Op dezelfde manier beïnvloedt kaste andere aspecten van het onderwijs, zoals politiek, evaluatie, interpersoonlijke relaties, enzovoort. Toen dezelfde lagere kastejongen, hierboven genoemd, bijvoorbeeld de universiteit in hetzelfde district bereikte, werd hij geconfronteerd met een soortgelijke situatie van discriminatie. Hij betwistte de verkiezing voor de functie van studentvertegenwoordiger tegen een moslimkandidaat en werd verkozen, maar de volgende keer, toen hij tegen een jongen uit de hogere kaste vocht, verloor hij.

Dit toont aan dat onderwijs, zowel formeel als informeel, niet alleen een kloof creëert tussen een hogere kaste en een lagere kaste in de gemeenschap, maar ook tussen de twee gemeenschappen, door het genereren van een kaste-basis voor verkiezingsverlies en een gemeenschappelijke basis voor electorale winst. We hebben tal van voorbeelden hiervan, niet alleen van de scholen en hogescholen, maar ook van de centra voor hoger onderwijs en onderzoek, vooral in de oostelijke delen van UP. Niet alleen het onderwijs is kaste-geïnfecteerd geworden, maar het leven in de jeugd is inmiddels kaste geworden, wat verondersteld wordt een plaats van geïntegreerd wonen en leren te zijn.

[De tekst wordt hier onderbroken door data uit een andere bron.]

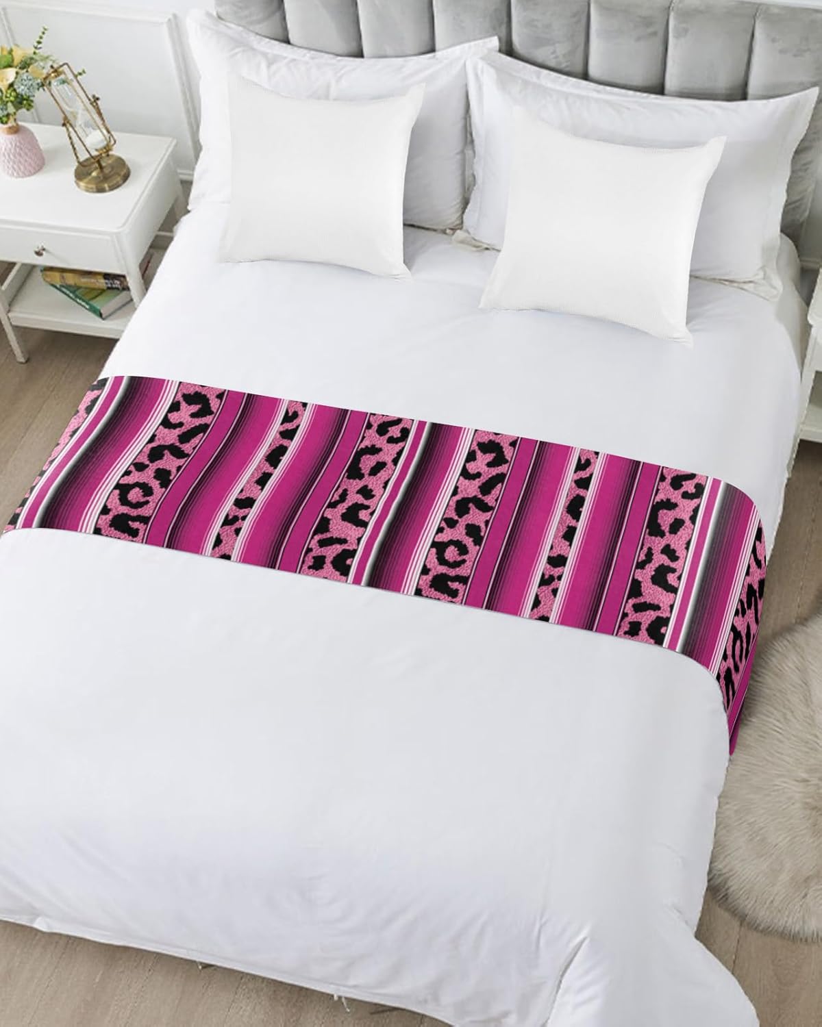 Bed Runners & Scarves Material Satin Material Bed runner is non-slip, dust-proof and has a great decorative effect on your bed. With bed scarf, the overall atmosphere of your room will also have a great improvement. The bed runner is solidly made and can be used all year round. Bed Scarf Sizes Bed runners for single size bed: 71 x 20 inches. Bed runners for queen size bed: 83 x 20 inches. Bed runners for full size bed: 94 x 20 inches. Bed runners for king size bed: 102 x 20 inches. Bed Scarf Package 1 x bed runner(without throw pillow cover) Bed Runner Washing Instructions The color will not fade. Hand or machine wash gently, iron at medium temperature, not more than 150°C (150°F). Try to machine wash separately, not with sharp objects. Do not use chlorine bleach. Great Gift This are fantastic bed runners & scarves that suitable for all seasons use. A ideal gift for your family, friend, lover Christmas Day and Thanksgiving Day gift. Easily coordinated and changed to match all holidays and seasons provides you and gift recipient with a pleasant atmosphere. Warranty We guarantee the quality of our products. If you have any problem or dissatisfaction with the product, please contact us (via email) and we will do our best to get back to you with a satisfactory reply. Please Note Due to the product is measured manually, there may be a slight size error, we hope you could allow. Please understand that there may be a difference in color between the image and the actual item due to the nature of the camera or monitor.
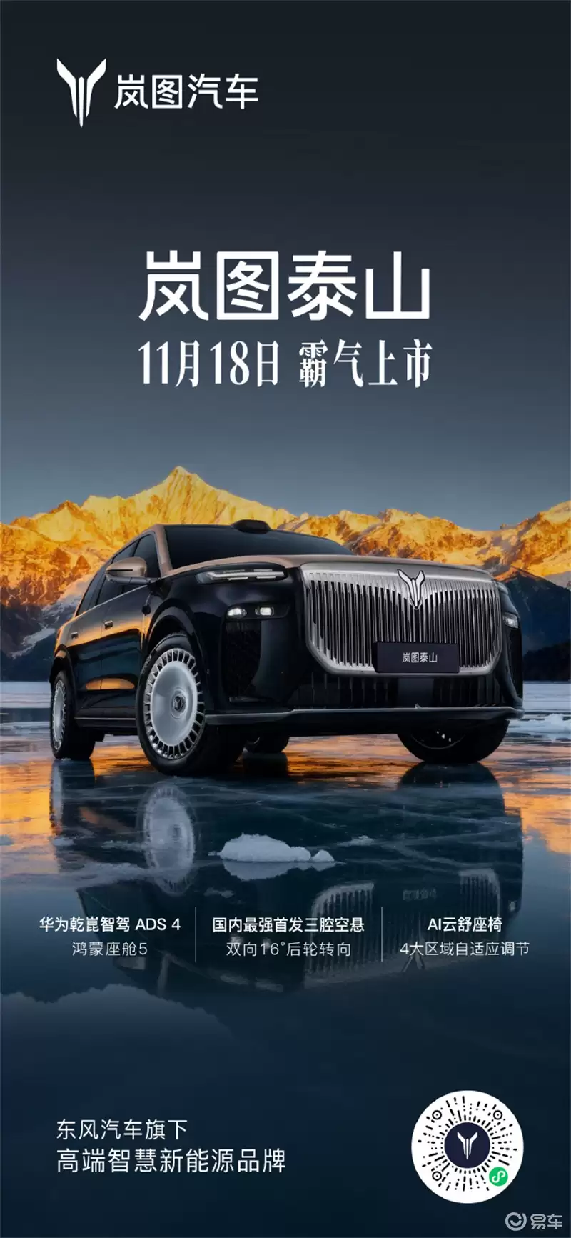 近日,岚图汽车CBO兼销售公司总经理邵明锋通过社交平台宣布,备受期待的新时代旗舰SUV岚图泰山将于11月18日正式亮相市场。这款车型以“东方高雅”为核心理念,旨在以现代中式美学展现深厚的文化底蕴,重新定义豪华汽车的未来发展方向。

Men kan kaste-gebaseerde allianties zien in de selectie van kamergenoten en peergroepen onder de bewoners van het hostel. Zelfs de leraar-bewaker, die voor zijn afdelingen zorgt, neemt direct of indirect beslissingen op basis van kaste-factoren in termen van kamertoewijzing, beloning en straf, en dergelijke, om op kaste gebaseerde ondersteuning te zoeken, vooral gedurende de tijd van crisis.

Evenzo is het evaluatieproces - ook een heel belangrijk onderdeel van het onderwijs - niet vrij van kaste-invloeden. Bijvoorbeeld, in een van de scholen werd de academische uitvoering van een jongere jongetje behoorlijk bevredigend bevonden. Zijn leraar, die toevallig uit de hogere kaste kwam, raakte geïnteresseerd in het kennen van de kaste-achtergrond van de jongen, ervan uitgaande dat hij uit een hogere kaste moest komen.

De jongen reageerde boos en zei: "Ik ben toevallig een Chamar."

De leraar antwoordde mild:

"Je ziet er niet uit als een Chamar door uiterlijk en prestaties."

De jongen beantwoord:

"Weerspiegelt een Chamar een aantal speciale kenmerken, zoals de hoorn van een buffel?" De jongen werd uiteindelijk gedegradeerd. Op dezelfde manier, op een hoger niveau van onderwijs, vooral in een van de colleges, is een evaluatie zo bevooroordeeld dat altijd alleen een persoon uit een hogere kaste bovenaan de lijst met verdiensten.

Zelfs bij andere instellingen voor hoger onderwijs en onderzoek, waaronder die op centrale plaatsen zoals Delhi, waar interne beoordelingen plaatsvinden, spelen factoren als kaste, regio, taal, religie, ideologie en persoonlijke overweging een belangrijke rol, resulterend in subjectieve en vooringenomen beoordeling door de leerkrachten.